Yes, I can help you mate. The solution is here: http://store.themodernman.com/in/3cc1619 If you’re not ready to purchase the program right now, sign up here for some free videos: http://www.themodernman.com/free-videos-about-how-to-get-your-ex-back.html
Cheers
Dan
Dan my wife left me three months ago she’s asking for a divorce she says it’s because she feels she’s has another child She also says I never made her feel like she was numbe 1 I never made her feel like a princess. Dan what do I do is there any hope?
J.P.
Hey Puch
Thanks for your question.
It sounds like she doesn’t feel as though you’re man enough to be the man in the relationship. Don’t worry – it’s pretty easy to fix because you ARE a man. You simply need to get properly educated on what women really want from a man in a relationship. The programs for you are:
http://store.themodernman.com/get_your_ex_back_super_system.html
http://store.themodernman.com/better_than_a_bad_boy.html
Here are some recent comments from men who I’ve helped to get a wife back:
“Hi dan 5 months after me and my wife broke up we are now back together and so happy , I’ll be honest with you I thought after I went through your programmes that they would be of no use to me I couldn’t have been more wrong , certain parts of the programme i couldn’t reeally use but the majority was so helpful , it got me in the right mindset and helped me through the toughest part of the break up and showed me how to be a man that my wife would want and in all fairness it just felt natural to be this way so many many thanks to you and the team at modern man because without you it would have been impossible for me to get my wife back in my arms so if any of you guys are in liverpool England any time don’t hesitate to contact me because I would like to take you guys out for a drink again thank you thank you thank you you don’t realise how much you have helped me I am eternally greatful thanks again from the happiest man in Liverpool Matty PS thank you again”

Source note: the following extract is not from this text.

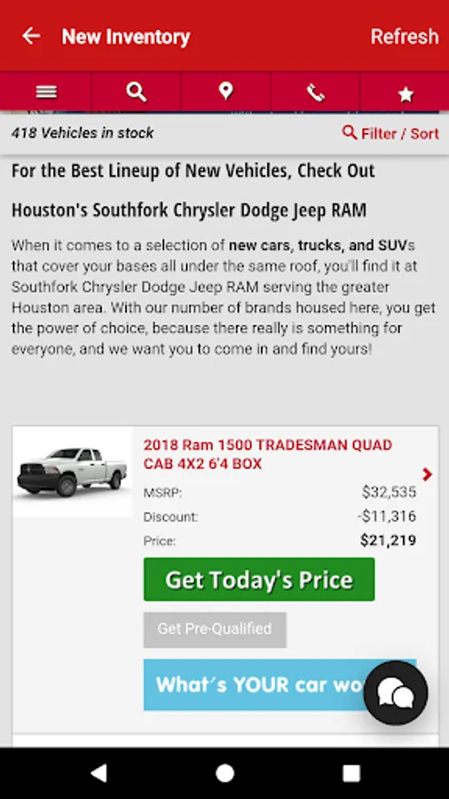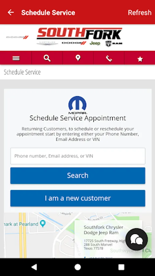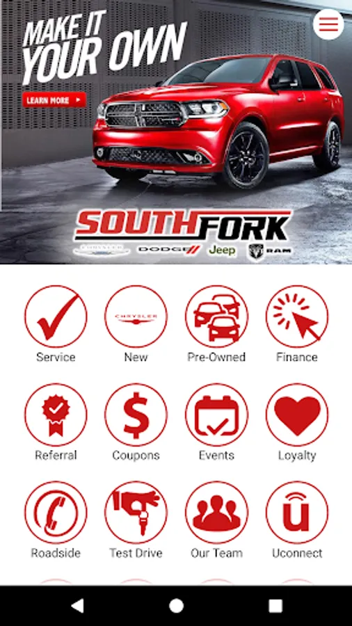Southfork Chrysler Dodge Jeep mobile customer engagement app provides customers with an enhanced dealership mobile experience. The app uses background geo-location for geo-fencing and geo-targeted push notifications to provide customers with relevant specials and loyalty offers. The app also delivers a wide range of features/benefits to customers, including service scheduling, viewing new and used inventory, redeeming mobile offers, sharing dealer promotions, viewing special events, contacting roadside assistance, booking a test drive, and contacting staff directory.

“After my wife and I separated I didn’t know where to turn for help. I tried a bunch of things that I’d found online, but it was just pushing her further away from me. Another guy was in the picture so I knew that I needed to act fast. A friend suggested The Modern Man, I got the Ex Back program and her and I are back together in a better relationship than we had before. I’ve become a better man than I was before which has not only helped my marriage, but my standing at work where I have recently been promoted. I can’t thank Dan and his team enough.”
So, in other words: Yes, there is definitely hope for you. I hope that you decide to learn from me so you can get the answers and solutions you seek.